Tower Defense games feel like they’ve had their initial boom and have now settled into their own niche game genre. This allows innovation with how you use the usual game structure to switch things up a bit. This is where the clever Core Defense comes in. This is tower defense crossed with roguelike deck building… and its great.

Core Defense starts off in a very simple grid. You have to defend your core in the centre of the grid and enemies will attack you on the path of least resistance from the four corners of the map. You start off with seven walls to begin to make that path as long as possible and you get the choice of some randomised towers to place to start with.

Pick your weapons of choice from your deck and off you go!

Each game lasts 50 waves and at the start of each wave you are given a choice of between 2-5 cards to pick from. This could give you a new tower to place, a new passive ability to obtain or an upgrade to either. It could also be a wall card to build out your maze further. The choice is entirely yours and there are over 100 cards that can crop up as more unlock the longer you play. Levels are seed generated so you can replay the same scenario over and over until you conquer it if you like.

Each wave gives you decisions and if your core takes no damage you get a bonus card too.

There are some crucial limits placed on you though. You only have seven slots for towers or abilities. If you want that passive heal ability, you’ll have to deal with having one less tower dealing damage. Quickly opt for seven towers and they’ll all be weak as you’ll have not picked any upgrades to make them more effective. On top of tower and ability upgrades there are also mods to the entire playing area. These can increase all damage by 3%, add a shield that generates 3% each wave or increase the drop of rarer cards. That might be handy if you’ve got a rare tower you want to buff up but maybe you want to ability to order double walls when you select a wall card instead – thus making the enemies wrap around your towers as many times as possible to kill them. The possibilities really do spiral out and experimentation is key. The fact that each seed gives you different cards and enemy waves means you cannot rely on the same strategy over and over again – you must adapt to each case.
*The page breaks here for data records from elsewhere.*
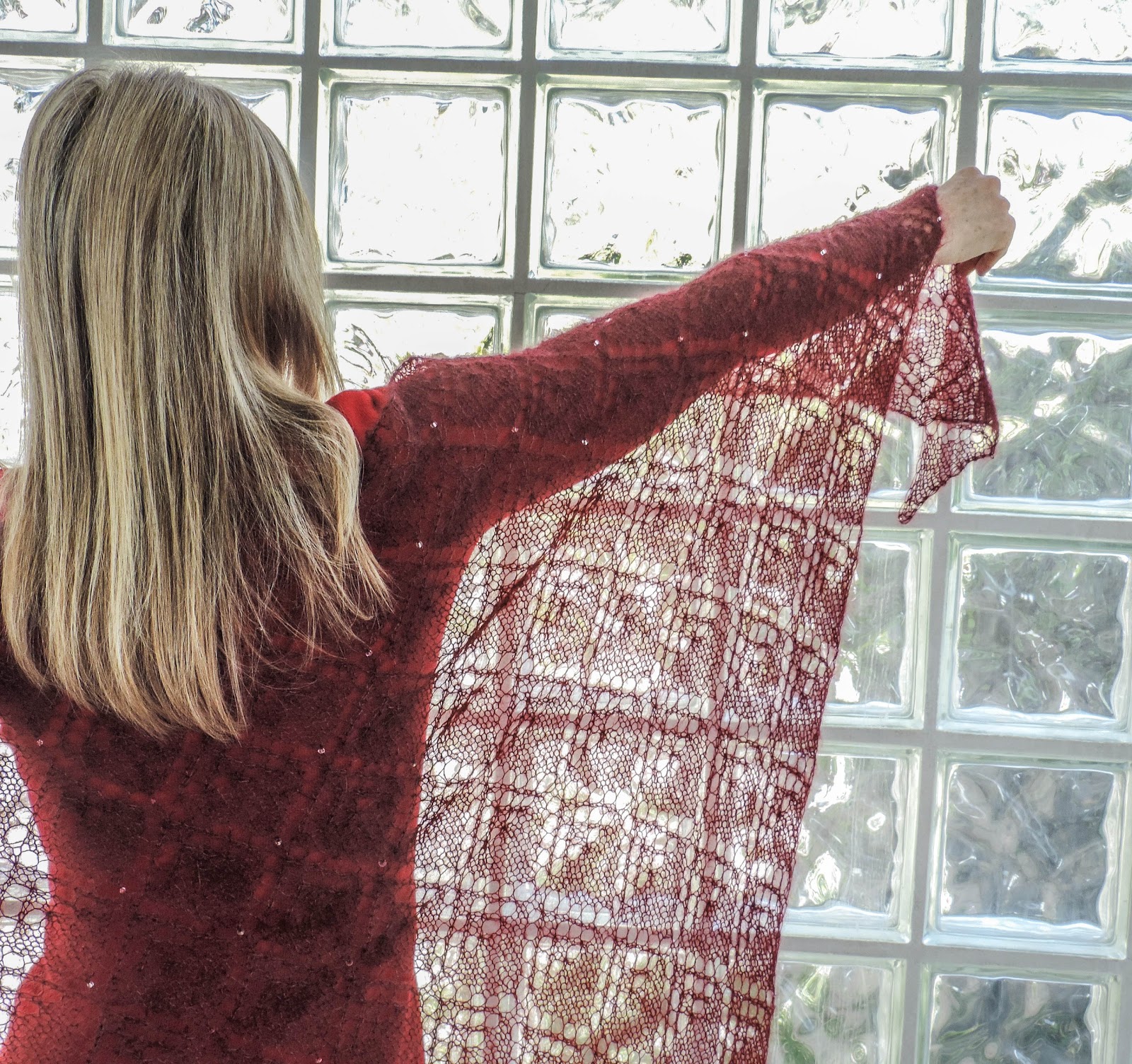 I knew this shawl would be worn at the holidays so I added a mixture of crystal and seed beads to add sparkle and catch the light. I began by using all crystal beads but ran short and when I reassessed the effect I added in colored seeds beads because I thought the contrasting beads added a more interesting effect. I love the finished shawl and can't wait to wear it when I make my appearance in the evenings. I just wish I had a crown and scepter to complete the effect.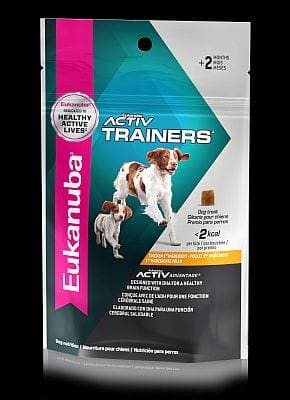 - ACTIVTRAINERS are soft, easily digestible treats that contain DHA to help support healthy brain function. They contain less than two Calories which helps owners maintain ideal weight while training regularly. The 5-ounce bag is available in two options, with either chicken or salmon as the first ingredient ($6.99) while the 7.9 ounce bag with chicken as the first ingredient ($9.99). For both adult dogs and puppies two months and older.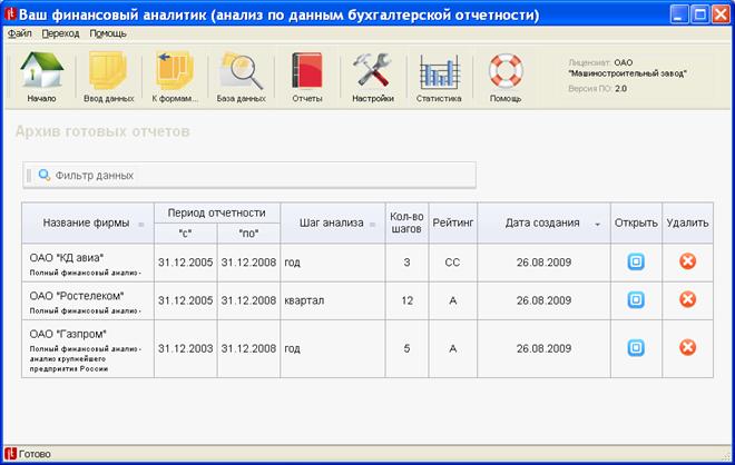 • анализ как одиночной бухгалтерской отчетности, так и отчетности за несколько периодов (месяцев, кварталов, лет) с желаемым шагом;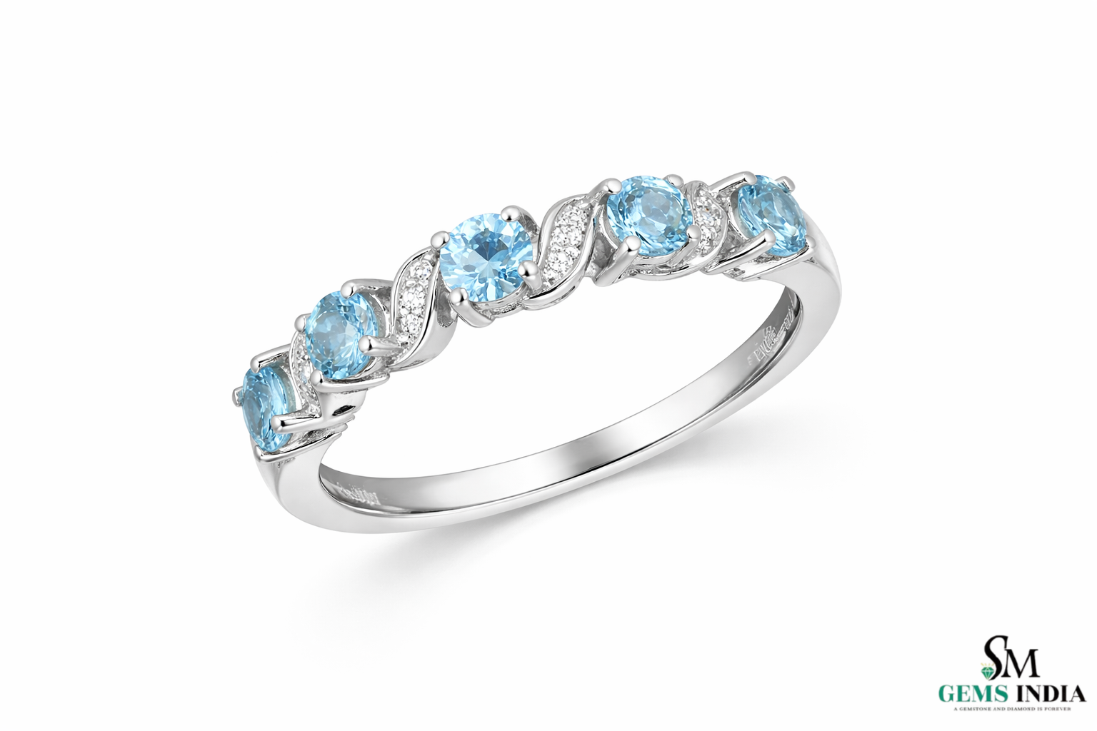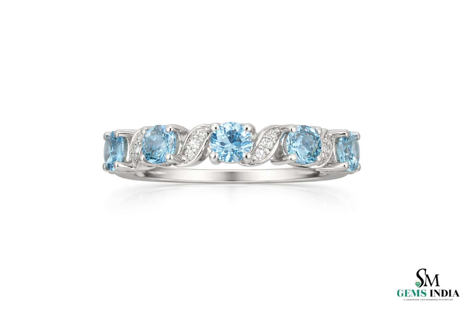 Luxury Aquamarine & Diamond Wave Band Ring - Diamond Twist Ring

Your maze layouts help but you’ll be looking at tower upgrades carefully too. It is all a balancing act.

Whilst the game itself is absolutely superb, outside of that there is a lack of drive forward once you’ve unlocked all the cards after the first couple of hours. There is no campaign to speak of but instead you have a difficulty bar that puts you at an increasing disadvantage. i found that my skills landed me on game over screens very early on in the 20 tiered difficulty and I couldn’t really see how I was missing the mark so badly – mainly because of the seven ability and tower limit. You can completely redesign your maze and layout between waves but as you don’t really know what is coming next it feels a bit wasted unless you rinse and repeat. As the difficulty increases, enemies also get more aggressive. This brings into play the shield and healing cards but if you spend in that department, you’ll also not be upgrading your towers to be stronger. The con to that is that if a tower gets destroyed, you lose it for a few rounds before it can be regenerated and replaced. You can also pull in status inflicting towers too that poison or reduce armour of the biggest tanks. Choice, choices, choices.

That aside, the deck building element is superb and really makes Core Defense stand out from the crowd. I really enjoyed my time with the game, even though I spent most of the time losing. I couldn’t help but dive back in and tweak my strategy again and that is the hallmark of a great strategy game.

Core Defense
Final Thoughts
Core Defense mixes up two genres perfectly to create a unique and moreish experience.
Great genre mash-up of tower defense and deck building.
Just one more go factor.
Hard as nails due to its player limiting choices.
Die. Tweak. Repeat. Seeded levels is a great design decision.
Difficulty spikes early on feel harsh.
The play area is quite small which limits some of your wildest wall maze decisions.